### TASK
Set down each line of the material that follows exactly, and leave its pictures out.

### RECORDED DATA
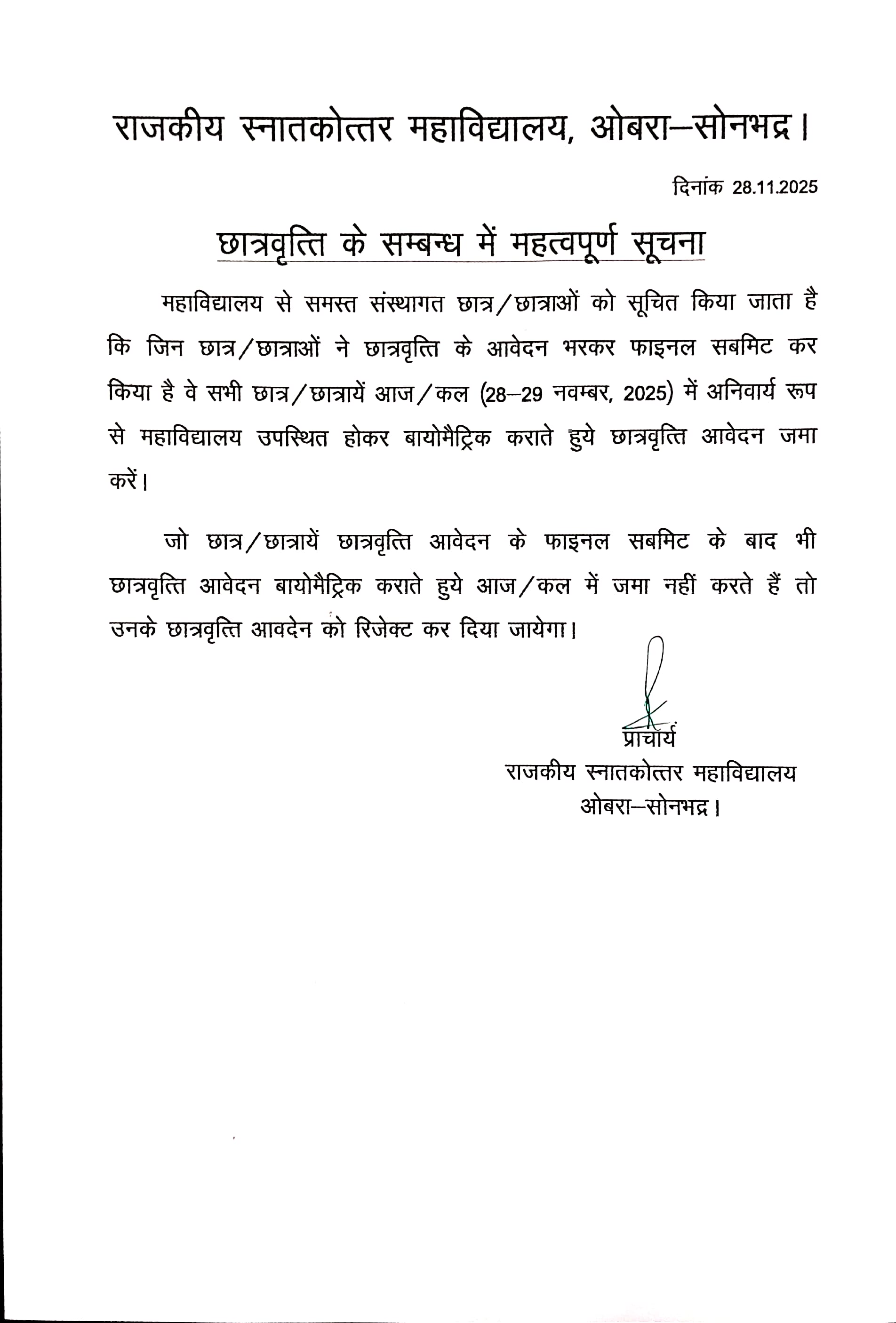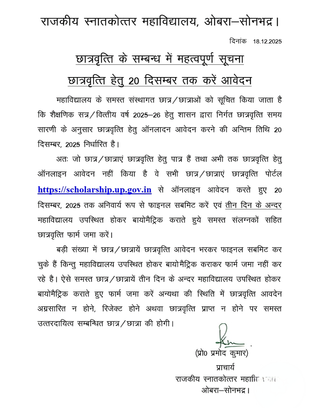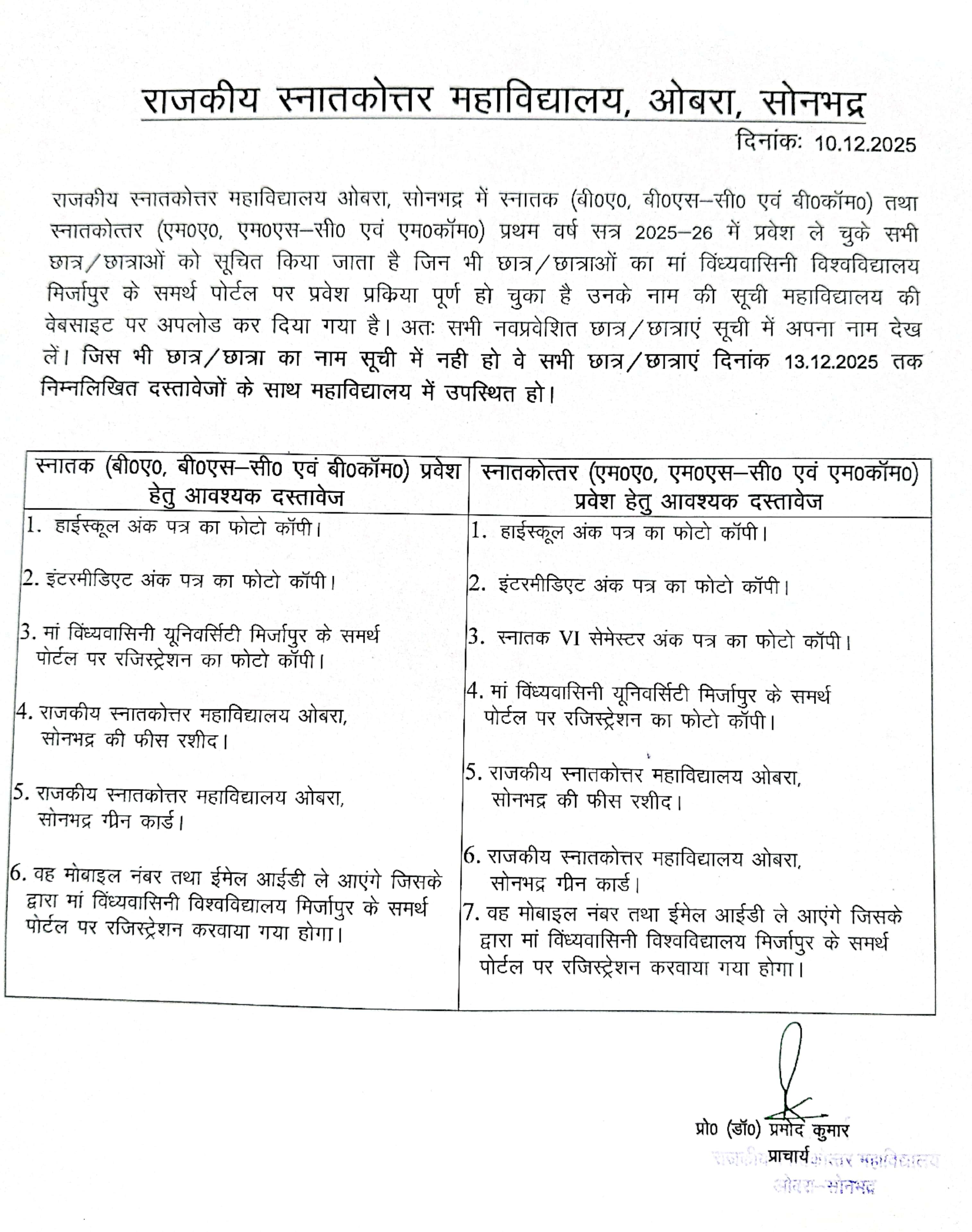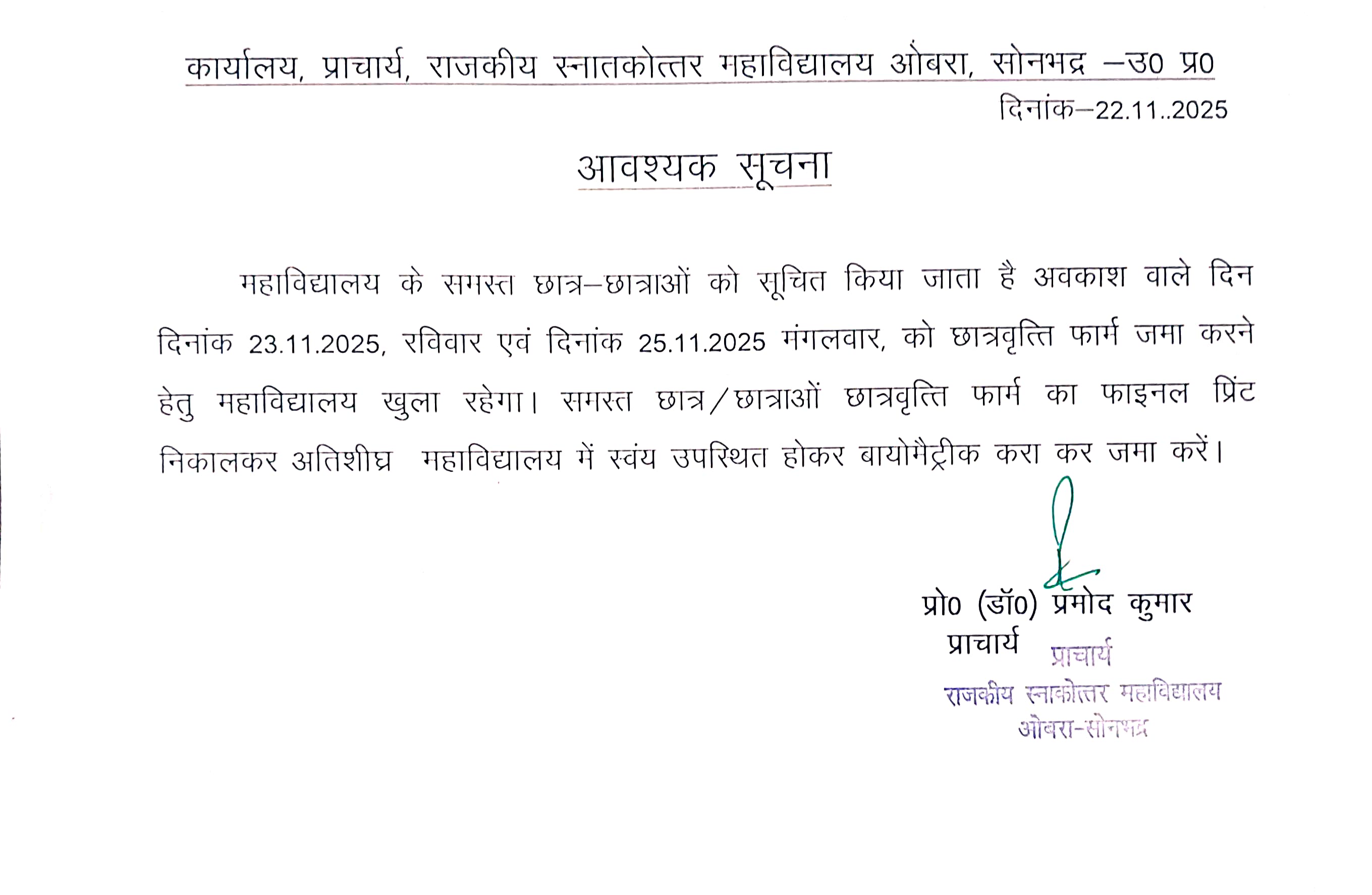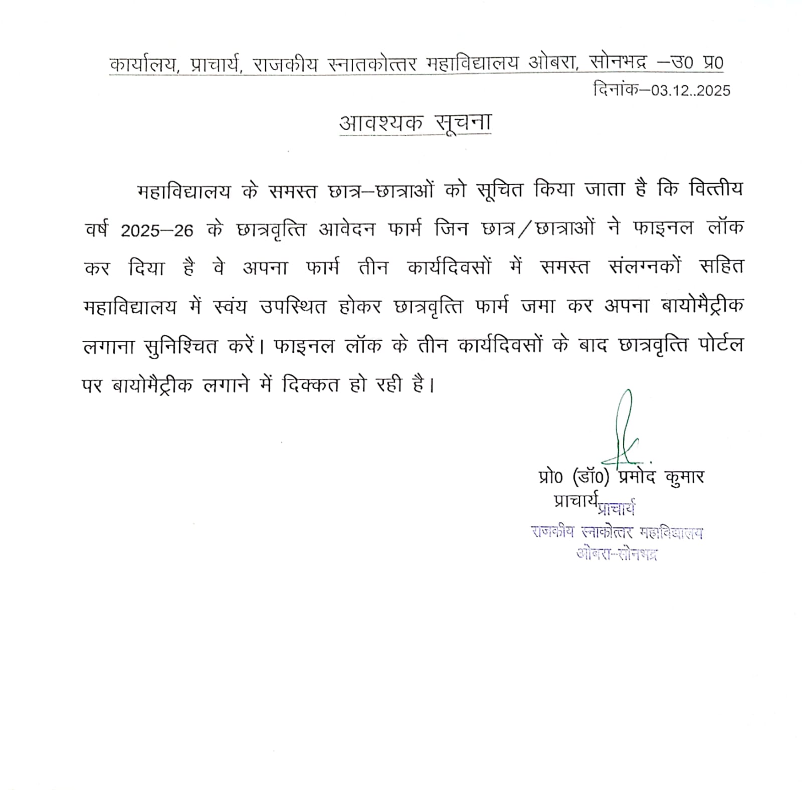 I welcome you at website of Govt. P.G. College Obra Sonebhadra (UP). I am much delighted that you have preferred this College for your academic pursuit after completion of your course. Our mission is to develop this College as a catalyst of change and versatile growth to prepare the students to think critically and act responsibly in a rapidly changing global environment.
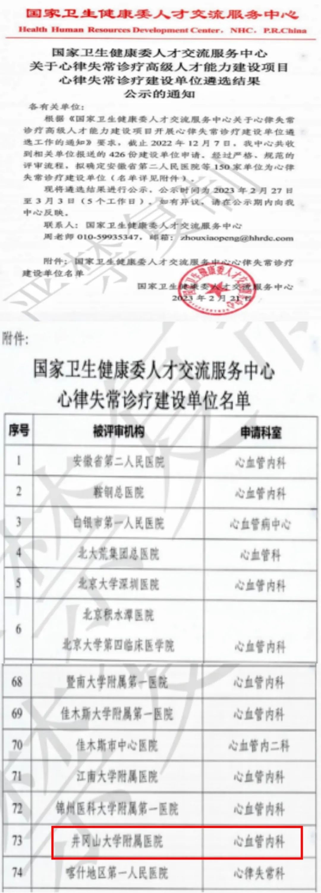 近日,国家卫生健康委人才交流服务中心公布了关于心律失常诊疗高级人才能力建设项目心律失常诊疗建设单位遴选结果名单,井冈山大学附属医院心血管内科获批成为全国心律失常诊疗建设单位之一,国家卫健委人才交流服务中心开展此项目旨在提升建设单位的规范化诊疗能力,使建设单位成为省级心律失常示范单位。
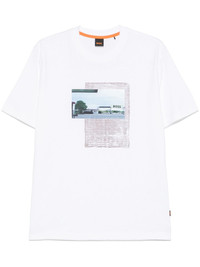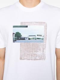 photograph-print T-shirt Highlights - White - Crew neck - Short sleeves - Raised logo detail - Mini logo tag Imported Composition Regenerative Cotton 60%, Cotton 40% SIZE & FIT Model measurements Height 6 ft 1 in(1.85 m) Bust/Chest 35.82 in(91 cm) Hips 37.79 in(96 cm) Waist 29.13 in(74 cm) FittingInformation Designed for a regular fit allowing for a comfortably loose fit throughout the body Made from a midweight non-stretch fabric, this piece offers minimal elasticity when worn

### RESPONSE
 I welcome you at website of Govt. P.G. College Obra Sonebhadra (UP). I am much delighted that you have preferred this College for your academic pursuit after completion of your course. Our mission is to develop this College as a catalyst of change and versatile growth to prepare the students to think critically and act responsibly in a rapidly changing global environment.
 近日,国家卫生健康委人才交流服务中心公布了关于心律失常诊疗高级人才能力建设项目心律失常诊疗建设单位遴选结果名单,井冈山大学附属医院心血管内科获批成为全国心律失常诊疗建设单位之一,国家卫健委人才交流服务中心开展此项目旨在提升建设单位的规范化诊疗能力,使建设单位成为省级心律失常示范单位。
 photograph-print T-shirt Highlights - White - Crew neck - Short sleeves - Raised logo detail - Mini logo tag Imported Composition Regenerative Cotton 60%, Cotton 40% SIZE & FIT Model measurements Height 6 ft 1 in(1.85 m) Bust/Chest 35.82 in(91 cm) Hips 37.79 in(96 cm) Waist 29.13 in(74 cm) FittingInformation Designed for a regular fit allowing for a comfortably loose fit throughout the body Made from a midweight non-stretch fabric, this piece offers minimal elasticity when worn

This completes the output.